There was only one problem. I was just a typical upper-middle class white girl from an elite college, just a hair away from being a virgin, with an over-involved Jewish mother who wanted the precise location of my coordinates at least once a day. So I lied. I had heard about Shakespeare and Co. from a friend who had traveled to Paris a year earlier and hung out at this storied bookstore that she said housed cool artsy kids. I had tried to email the store to find out if I could live there for the summer but of course, this was before his daughter Sylvia had returned from London to help her dad run the store, and George probably didn’t even know that his store had a website.
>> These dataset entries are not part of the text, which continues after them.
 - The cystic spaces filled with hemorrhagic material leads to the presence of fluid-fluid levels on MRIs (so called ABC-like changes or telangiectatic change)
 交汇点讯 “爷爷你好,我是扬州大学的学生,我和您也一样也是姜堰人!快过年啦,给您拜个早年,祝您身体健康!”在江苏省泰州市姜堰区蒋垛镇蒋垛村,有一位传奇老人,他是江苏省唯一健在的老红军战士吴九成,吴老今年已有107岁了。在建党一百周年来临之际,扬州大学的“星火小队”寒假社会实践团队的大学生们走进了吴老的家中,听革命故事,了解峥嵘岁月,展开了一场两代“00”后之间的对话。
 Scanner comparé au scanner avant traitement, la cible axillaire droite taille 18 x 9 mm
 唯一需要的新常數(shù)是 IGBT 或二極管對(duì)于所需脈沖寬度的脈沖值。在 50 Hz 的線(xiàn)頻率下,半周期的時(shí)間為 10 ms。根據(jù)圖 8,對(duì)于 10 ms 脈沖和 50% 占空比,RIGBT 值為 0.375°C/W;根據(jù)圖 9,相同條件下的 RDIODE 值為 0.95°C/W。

But I bought a ticket to Paris for the summer anyway and I just hoped that this benevolent bookseller I had vaguely heard of would take me in.
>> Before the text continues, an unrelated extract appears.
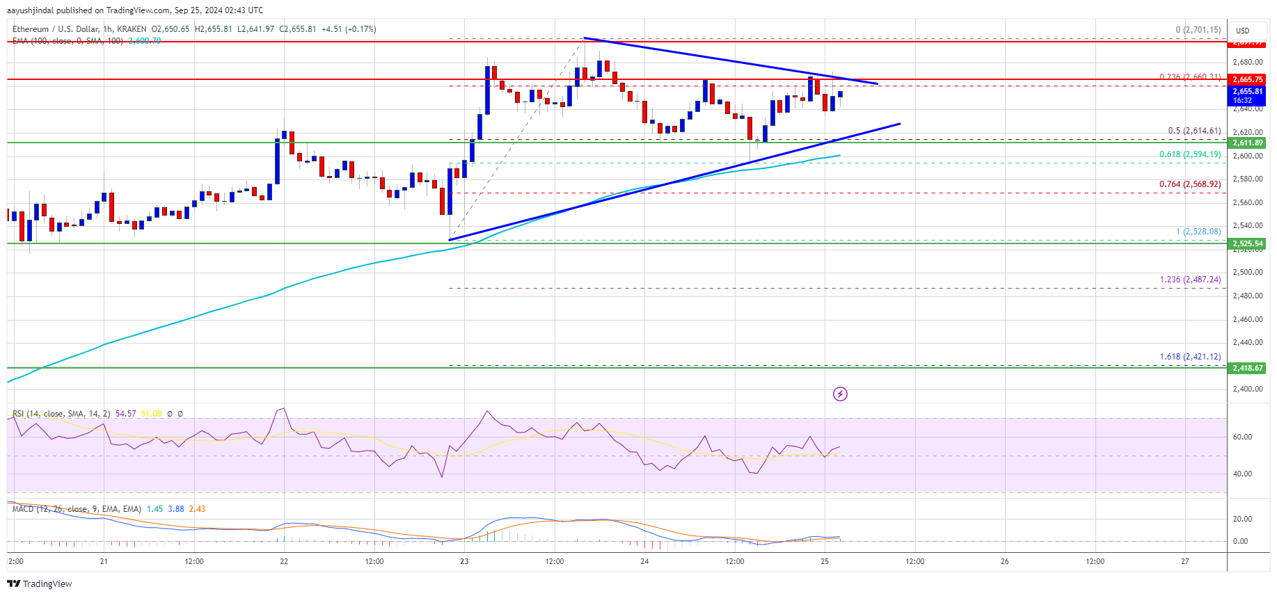 If Ethereum fails to clear the $2,680 resistance, it could start another decline. Initial support on the downside is near the $2,620 level and the triangle’s trend line. The first major support sits near the $2,600 zone.

I told my parents and everyone else I was accepted in to a “writer’s-in-residence” program after submitting my fiction work to this well-established renown writer’s institution. I showed up in Paris alone, with no cell phone, very little money, no laptop, not knowing anyone, clutching a paper with the address of a bookstore. I had no back-up plan. If I couldn’t stay there, I didn’t know where I would live let alone what I would do for the next few months. I got off the Metro station and walked to the store, with butterflies in my stomach. I walked up to the guy at the till, proclaimed that I was a writer and asked if there was room for me to stay at the shop.
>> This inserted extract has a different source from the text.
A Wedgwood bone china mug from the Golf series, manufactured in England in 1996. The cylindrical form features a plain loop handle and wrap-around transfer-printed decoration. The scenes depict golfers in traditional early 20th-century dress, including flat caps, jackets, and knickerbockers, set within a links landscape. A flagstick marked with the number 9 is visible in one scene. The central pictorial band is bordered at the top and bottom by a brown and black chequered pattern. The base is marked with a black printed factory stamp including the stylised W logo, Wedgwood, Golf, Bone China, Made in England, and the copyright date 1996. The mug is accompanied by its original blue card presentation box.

As it turned out, George was in London for another week and so although Patrick who was in charge of the shop said there was a bed I could have for now, I was expected to write a biography of myself in the time I had till he returned. Upon his return, he would read our bios and if they were satisfactory, he might allow us to stay. In the meantime, I was introduced to the sundry group of wanderers who spent most of their time reading on the benches in front of the shop. I fell into the most fabulous and dirty group of hipster ex-pat gypsies I could have ever hoped to find. There was Jonathan the fiddler who made his living from busking, Ted, the Australian painter whose portrait of me, in front of the store, now hangs in my home, Vereen, the Indian vegan who taught me how to hop the turnstile to get onto the Metro, Xander, the Brit who spent most of his time lying on the ground next to a girl of the week reading poetry, and Pehter, the Slav, who introduced me to Absinthe by telling me to open my mouth and pouring it straight down my throat. We all shared the responsibilities of opening the store, setting up the book displays, and signed up for shifts to work the till. I had never worked a register before and loved that I was expected to spend most of my shift reading. The first thing I read was A Moveable Feast, naturally. But I was also introduced into the world of Anais Nin, Lawrence Durrell, and Jacques Prévert. Rumors about George were plentiful– people talked of him throwing all his guests out on a whim, of his many relationships with the pretty girls that frequented the shop, the divorce from his much younger ex-wife, and his friendships with the famous writers we all worshipped.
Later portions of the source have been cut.